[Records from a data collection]
━━━━━━

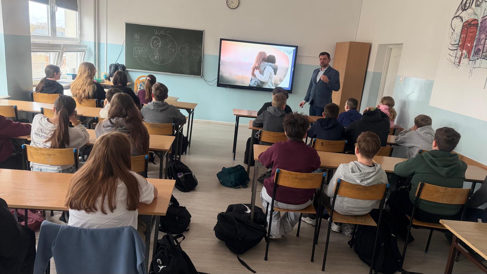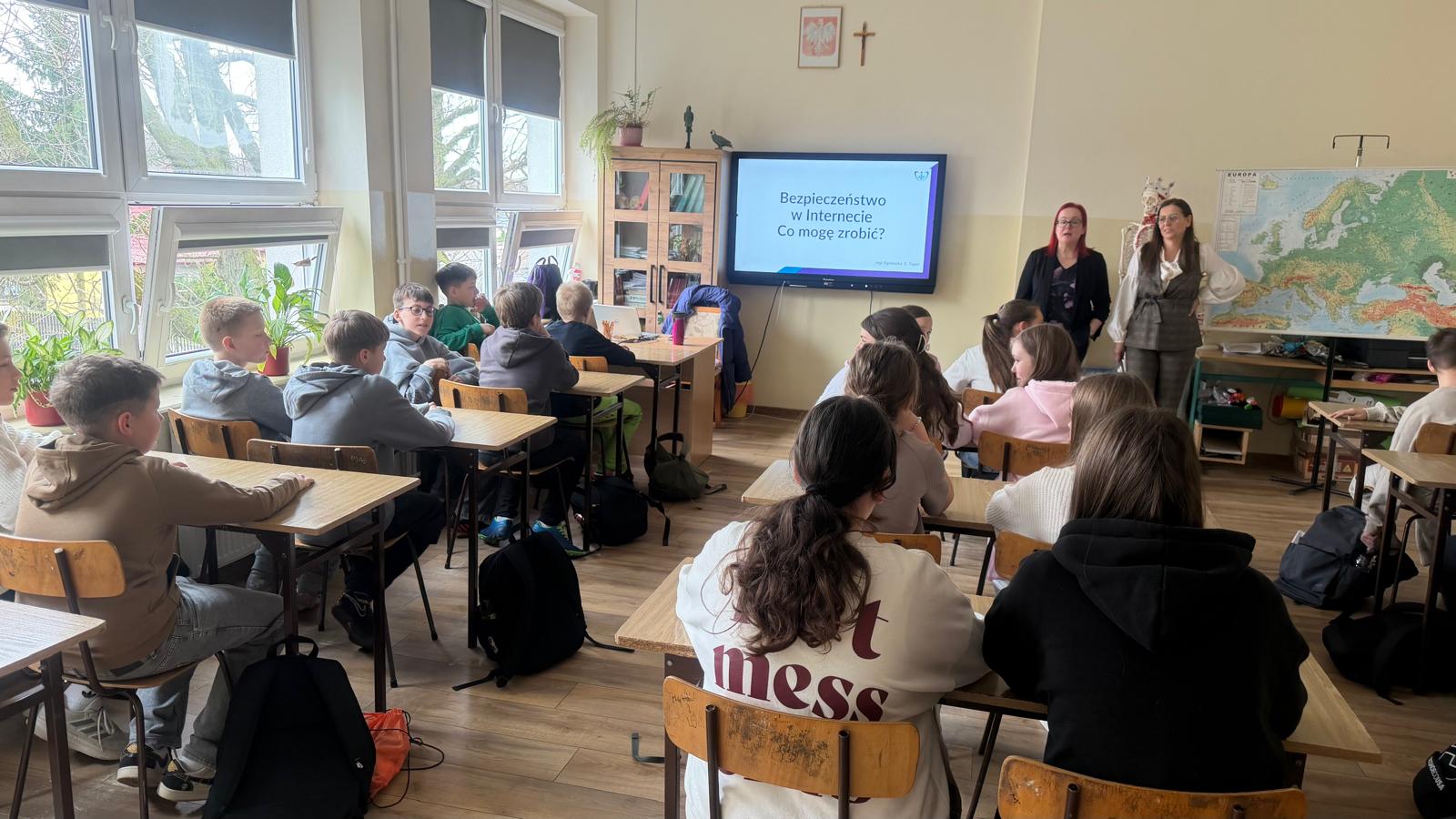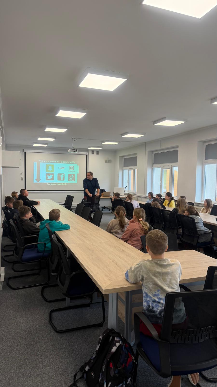 „Nie daj się złapać w sieci – bezpieczeństwo w Internecie” to warsztaty przeznaczone dla uczniów klas: 4a, 4b, 5a, 5b, 6a, 6b szkoły podstawowej. Miały one na celu podniesienie świadomości uczestników w zakresie bezpiecznego korzystania z Internetu, ochrony danych osobowych, rozpoznawania prób oszustw (np. phishingu), cyberprzemocy oraz zasad odpowiedzialnego poruszania się w sieci. Uczniowie klas: 7a,7b SP i klasy I, II, III liceum uczestniczyli natomiast w warsztatach „Przyjaźń w czasach Internetu – o zapomnianej wartości kontaktów face to face”. Celem warsztatów było zwrócenie uwagi na znaczenie bezpośrednich relacji międzyludzkich w dobie cyfryzacji, rozwijanie umiejętności komunikacji interpersonalnej, budowania trwałych relacji, empatii oraz wzmacniania więzi społecznych poza światem wirtualnym.
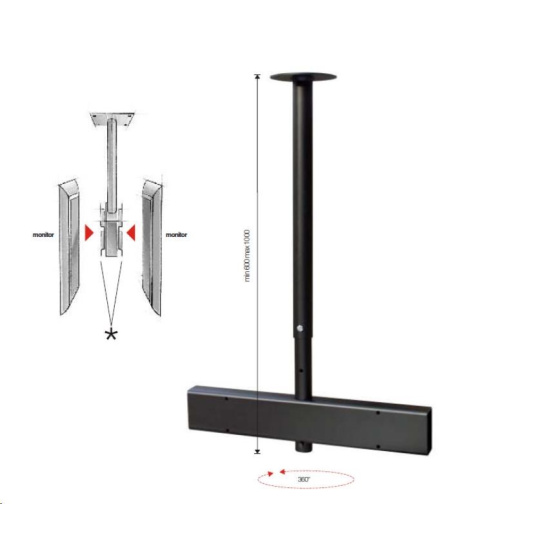 Stropní závěs - držák na Tv OMB LIFT NEW 600 FIX Výborný bezpečný stropní držák pro zavěšení Tv 37-55", výškově stavitelný Pokud hledáte spolehlivé stropní zavěšení televizoru s možností levného rozšíření na 2 televizory, je držák OMB LIFT NEW 600 FiX pro Vás tím správným řešením. Držák je výškově nastavitelný, otočný do stran. Celkové možné zatížení až 75kg. Výborná spolehlivá a pevná konstrukce. Barva černá. Technické údaje: doporučená velikost obrazovky 37" - 55" podporuje VESA standardy 100x100 až 600x400 dodání včetně 1ks držáku na obrazovky možnost dokoupení 2 držáku - zavěšení 2 obrazovek zády k sobě nosnost 75kg délkové nastavení 640 - 1040mm otočný o 360° snadné nastavení materiál ocel barva černá záruka 5 let Stropní držák OMB Lift New 600 podporuje VESA standardy: VESA 100x100 VESA 200x100 a 100x200 VESA 200x200 VESA 300x200 a 200x300 VESA 300x300 VESA 400x200 a 200x400 VESA 400x300 a 300x400 VESA 400x400 VESA 600x400.
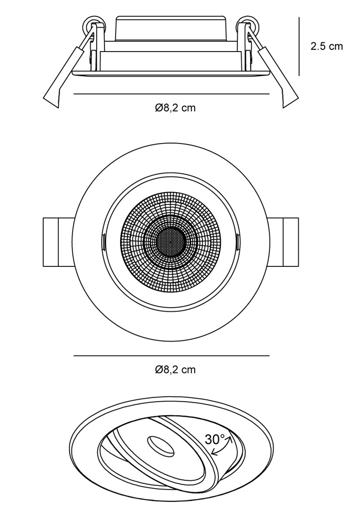 De inbouwspot Monolo heeft een geïntegreerde LED-lichtbron, die in drie stappen dimbaar is met Moodmaker™ via de gewone wandschakelaar, zodat de lichtsterkte eenvoudig aan de situatie kan worden aangepast. Monolo kan gericht licht leveren, omdat de spot 30° kan worden gekanteld.
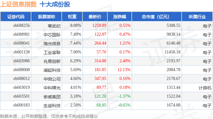 上证信息(000039)指数十大成份股详情如下:
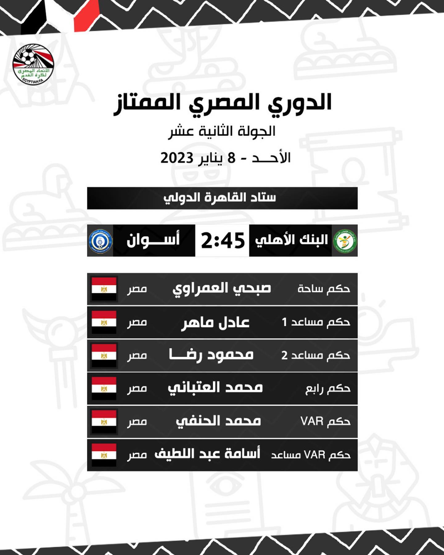 وأعلنت لجنة الحكام الرئيسية في اتحاد الكرة، طاقم تحكيم مباراة البنك الأهلي وأسوان في الأسبوع الـ12 من الدوري الممتاز، وجاء كالتالي:
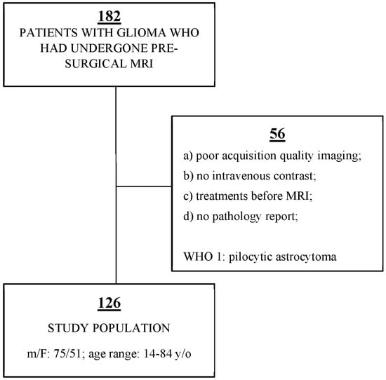 Our institution’s database was retrospectively examined, and 182 patients who had undergone MRI for pre-surgical glioma evaluation between 2018 and 2021 were identified. Additionally, pathology reports were collected to obtain the glioma grades. Several patients were excluded from the study according to the following criteria: (a) poor acquisition quality imaging; (b) no intravenous contrast; (c) treatments before MR examination, including steroid drugs that may affect edema and contrast enhancement; (d) no pathology reports. Pilocytic astrocytoma (World Health Organization grade 1) was excluded from our study due to its unique imaging characteristics. Finally, 126 patients diagnosed with gliomas were enrolled (Figure 1). The study group comprised 75 males and 51 females, ranging in age from 14 to 84 years (additional data is shown in Table 1).
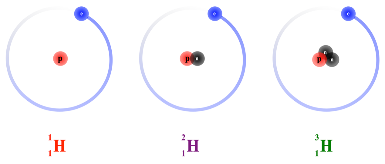 氢元素的三种同位素,从左至右依次为氕、氘、氚,其中的氕在很多场合下沿用“氢”这个叫法,本文中的氢皆为氕,即氢最常见的同位素
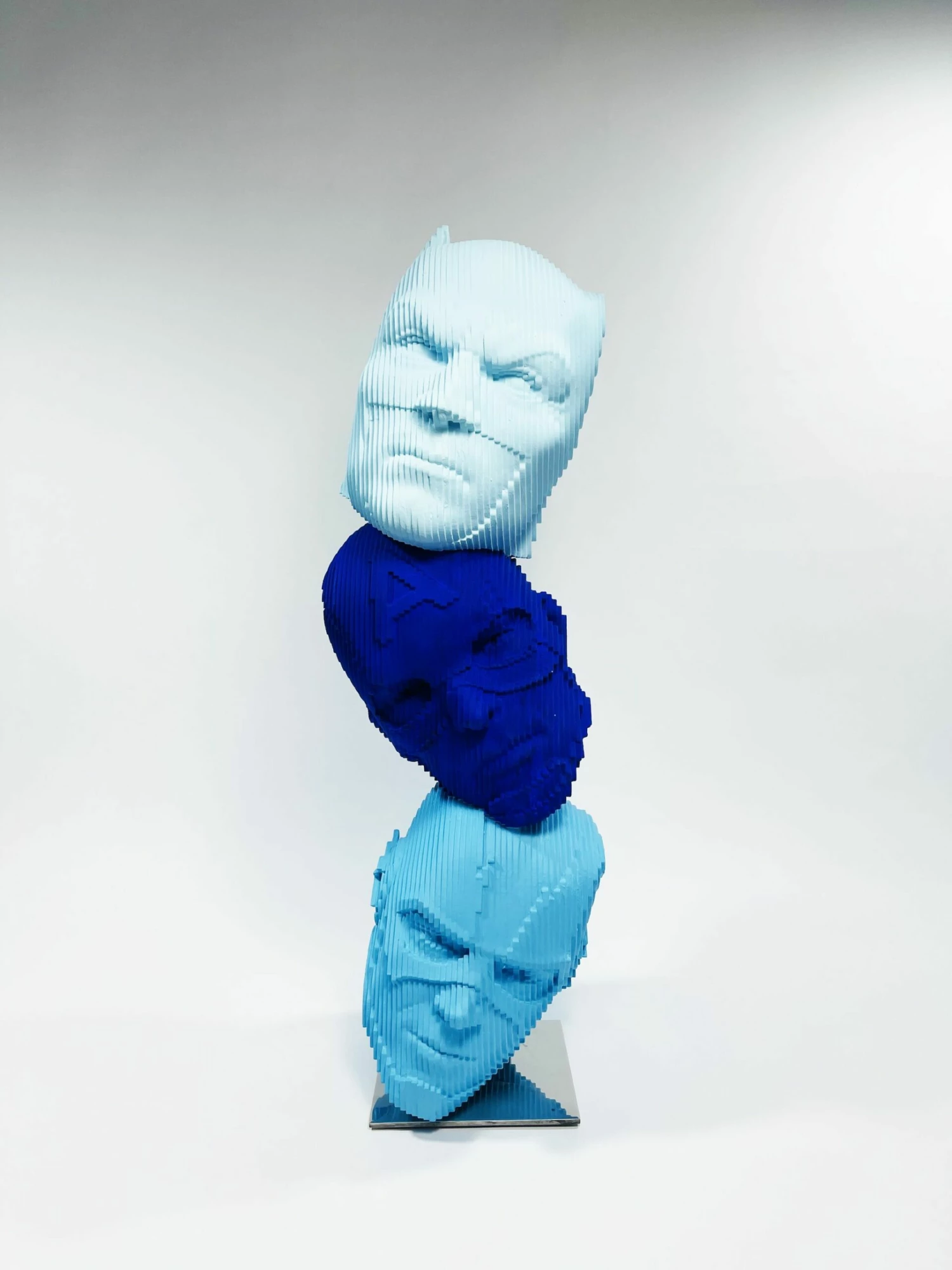 La scultura riprende dei volti che hanno elementi tipici delle sculture sia dell’antichità e della contemporaneità. La scelta di riprendere dei volti che rispecchiano i canoni estetici del passato ma dipinti con colori luminosi caratterizza la produzione artistica di Daniele Fortuna, il quale vuole contaminare le sue opere fortemente ispirate ai grandi classici del passato attraverso l’utilizzo di colori brillanti e luminosi.
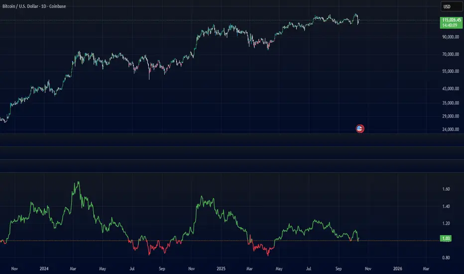 It emphasizes price momentum, revealing whether the price is extended above or below its historical average. A value above 1 implies the current price is higher than the 155-day average, and below 1 suggests the opposite.
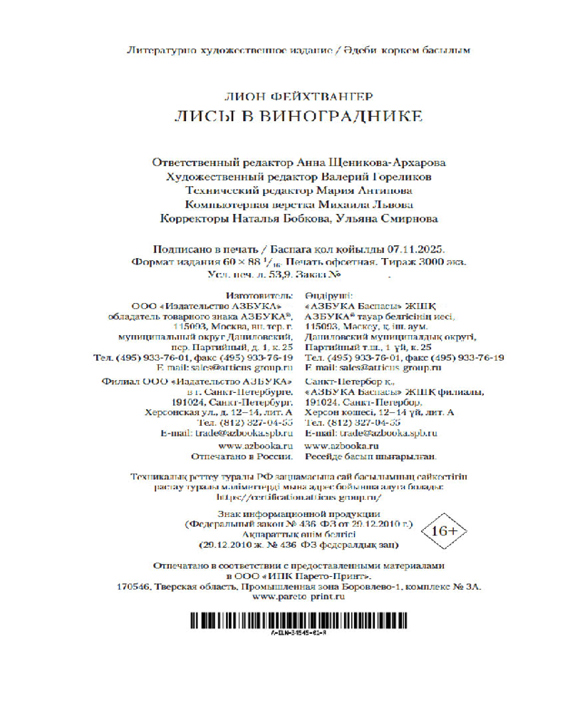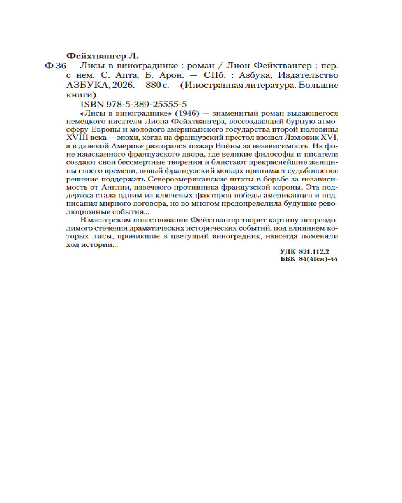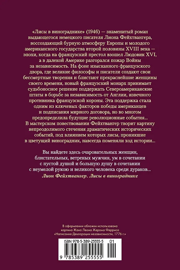 💳 Оплатить за товар можно при получении 🇰🇿 Есть бесплатная доставка по Казахстану от 1 дня 🎁 Копите бонусы с каждой покупки Серия: Иностранная литература. Большие книги «Лисы в винограднике» (1946) — знаменитый роман выдающегося немецкого писателя Лиона Фейхтвангера, воссоздающий бурную атмосферу Европы и молодого Американского государства второй половины XVIII века — эпохи, когда на французский престол взошел Людовик XVI, а в далекой Америке разгорался пожар Войны за независимость. На фоне изысканного французского двора, где великие философы и писатели создают свои бессмертные творения и блистают прекраснейшие женщины своего времени, новый французский монарх принимает судьбоносное решение поддержать Североамериканские штаты в борьбе за независимость от Англии, извечного противника французской короны. Эта поддержка стала одним из ключевых факторов победы американцев и подписания мирного договора, но во многом предопределила будущие революционные события... Книга станет прекрасным подарком любителям исторических романов, литературы XX века и поклонникам творчества Лиона Фейхтвангера. |
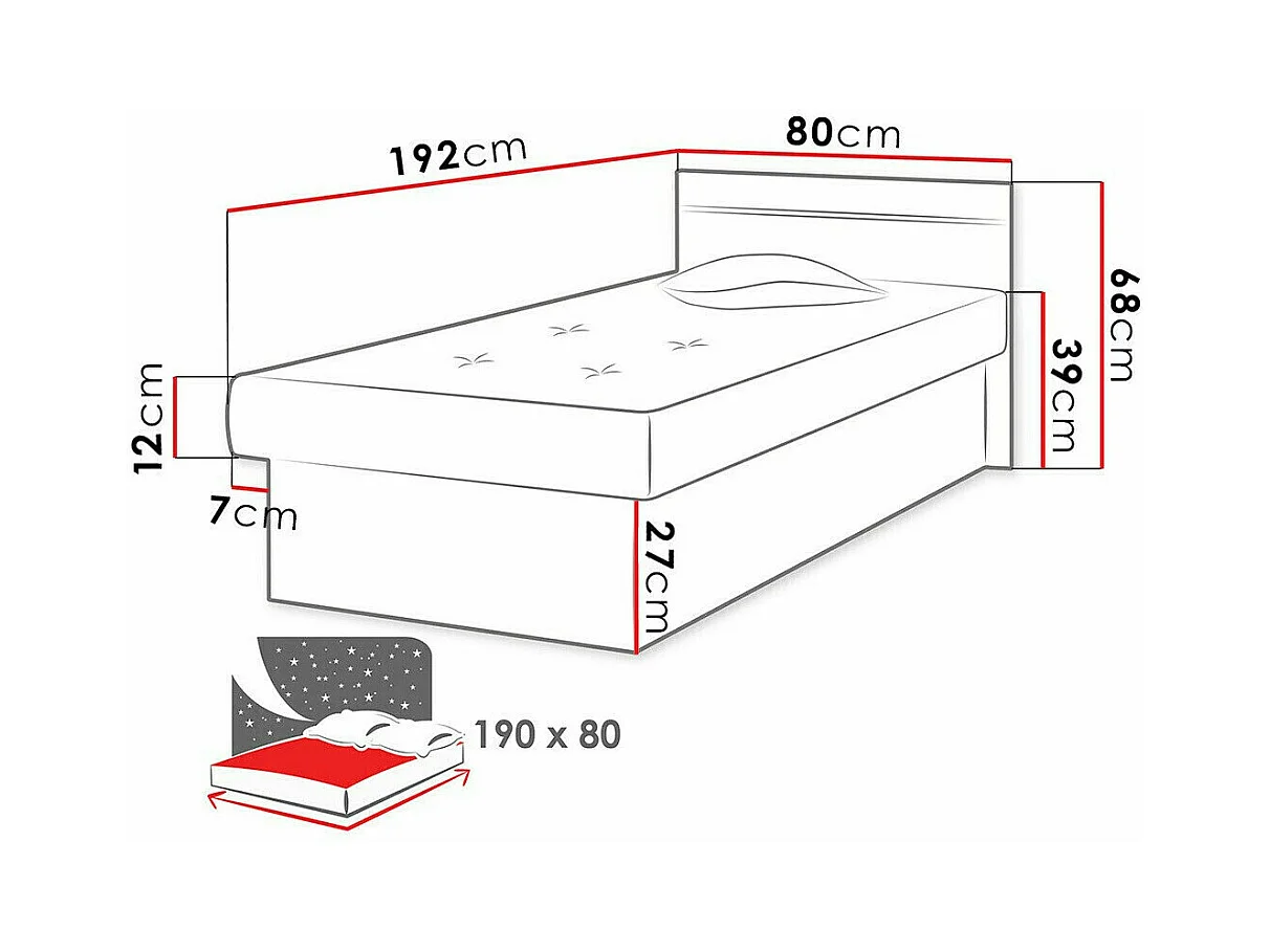 Lit Dover 101, Unique, Noir, 80x190, 80x192x68cm

━━━━━━

## What to produce
Please restate the entries word for word, with all pictures left out.

## Written response
 „Nie daj się złapać w sieci – bezpieczeństwo w Internecie” to warsztaty przeznaczone dla uczniów klas: 4a, 4b, 5a, 5b, 6a, 6b szkoły podstawowej. Miały one na celu podniesienie świadomości uczestników w zakresie bezpiecznego korzystania z Internetu, ochrony danych osobowych, rozpoznawania prób oszustw (np. phishingu), cyberprzemocy oraz zasad odpowiedzialnego poruszania się w sieci. Uczniowie klas: 7a,7b SP i klasy I, II, III liceum uczestniczyli natomiast w warsztatach „Przyjaźń w czasach Internetu – o zapomnianej wartości kontaktów face to face”. Celem warsztatów było zwrócenie uwagi na znaczenie bezpośrednich relacji międzyludzkich w dobie cyfryzacji, rozwijanie umiejętności komunikacji interpersonalnej, budowania trwałych relacji, empatii oraz wzmacniania więzi społecznych poza światem wirtualnym.
 Stropní závěs - držák na Tv OMB LIFT NEW 600 FIX Výborný bezpečný stropní držák pro zavěšení Tv 37-55", výškově stavitelný Pokud hledáte spolehlivé stropní zavěšení televizoru s možností levného rozšíření na 2 televizory, je držák OMB LIFT NEW 600 FiX pro Vás tím správným řešením. Držák je výškově nastavitelný, otočný do stran. Celkové možné zatížení až 75kg. Výborná spolehlivá a pevná konstrukce. Barva černá. Technické údaje: doporučená velikost obrazovky 37" - 55" podporuje VESA standardy 100x100 až 600x400 dodání včetně 1ks držáku na obrazovky možnost dokoupení 2 držáku - zavěšení 2 obrazovek zády k sobě nosnost 75kg délkové nastavení 640 - 1040mm otočný o 360° snadné nastavení materiál ocel barva černá záruka 5 let Stropní držák OMB Lift New 600 podporuje VESA standardy: VESA 100x100 VESA 200x100 a 100x200 VESA 200x200 VESA 300x200 a 200x300 VESA 300x300 VESA 400x200 a 200x400 VESA 400x300 a 300x400 VESA 400x400 VESA 600x400.
 De inbouwspot Monolo heeft een geïntegreerde LED-lichtbron, die in drie stappen dimbaar is met Moodmaker™ via de gewone wandschakelaar, zodat de lichtsterkte eenvoudig aan de situatie kan worden aangepast. Monolo kan gericht licht leveren, omdat de spot 30° kan worden gekanteld.
 上证信息(000039)指数十大成份股详情如下:
 وأعلنت لجنة الحكام الرئيسية في اتحاد الكرة، طاقم تحكيم مباراة البنك الأهلي وأسوان في الأسبوع الـ12 من الدوري الممتاز، وجاء كالتالي:
 Our institution’s database was retrospectively examined, and 182 patients who had undergone MRI for pre-surgical glioma evaluation between 2018 and 2021 were identified. Additionally, pathology reports were collected to obtain the glioma grades. Several patients were excluded from the study according to the following criteria: (a) poor acquisition quality imaging; (b) no intravenous contrast; (c) treatments before MR examination, including steroid drugs that may affect edema and contrast enhancement; (d) no pathology reports. Pilocytic astrocytoma (World Health Organization grade 1) was excluded from our study due to its unique imaging characteristics. Finally, 126 patients diagnosed with gliomas were enrolled (Figure 1). The study group comprised 75 males and 51 females, ranging in age from 14 to 84 years (additional data is shown in Table 1).
 氢元素的三种同位素,从左至右依次为氕、氘、氚,其中的氕在很多场合下沿用“氢”这个叫法,本文中的氢皆为氕,即氢最常见的同位素
 La scultura riprende dei volti che hanno elementi tipici delle sculture sia dell’antichità e della contemporaneità. La scelta di riprendere dei volti che rispecchiano i canoni estetici del passato ma dipinti con colori luminosi caratterizza la produzione artistica di Daniele Fortuna, il quale vuole contaminare le sue opere fortemente ispirate ai grandi classici del passato attraverso l’utilizzo di colori brillanti e luminosi.
 It emphasizes price momentum, revealing whether the price is extended above or below its historical average. A value above 1 implies the current price is higher than the 155-day average, and below 1 suggests the opposite.
 💳 Оплатить за товар можно при получении 🇰🇿 Есть бесплатная доставка по Казахстану от 1 дня 🎁 Копите бонусы с каждой покупки Серия: Иностранная литература. Большие книги «Лисы в винограднике» (1946) — знаменитый роман выдающегося немецкого писателя Лиона Фейхтвангера, воссоздающий бурную атмосферу Европы и молодого Американского государства второй половины XVIII века — эпохи, когда на французский престол взошел Людовик XVI, а в далекой Америке разгорался пожар Войны за независимость. На фоне изысканного французского двора, где великие философы и писатели создают свои бессмертные творения и блистают прекраснейшие женщины своего времени, новый французский монарх принимает судьбоносное решение поддержать Североамериканские штаты в борьбе за независимость от Англии, извечного противника французской короны. Эта поддержка стала одним из ключевых факторов победы американцев и подписания мирного договора, но во многом предопределила будущие революционные события... Книга станет прекрасным подарком любителям исторических романов, литературы XX века и поклонникам творчества Лиона Фейхтвангера. |
 Lit Dover 101, Unique, Noir, 80x190, 80x192x68cm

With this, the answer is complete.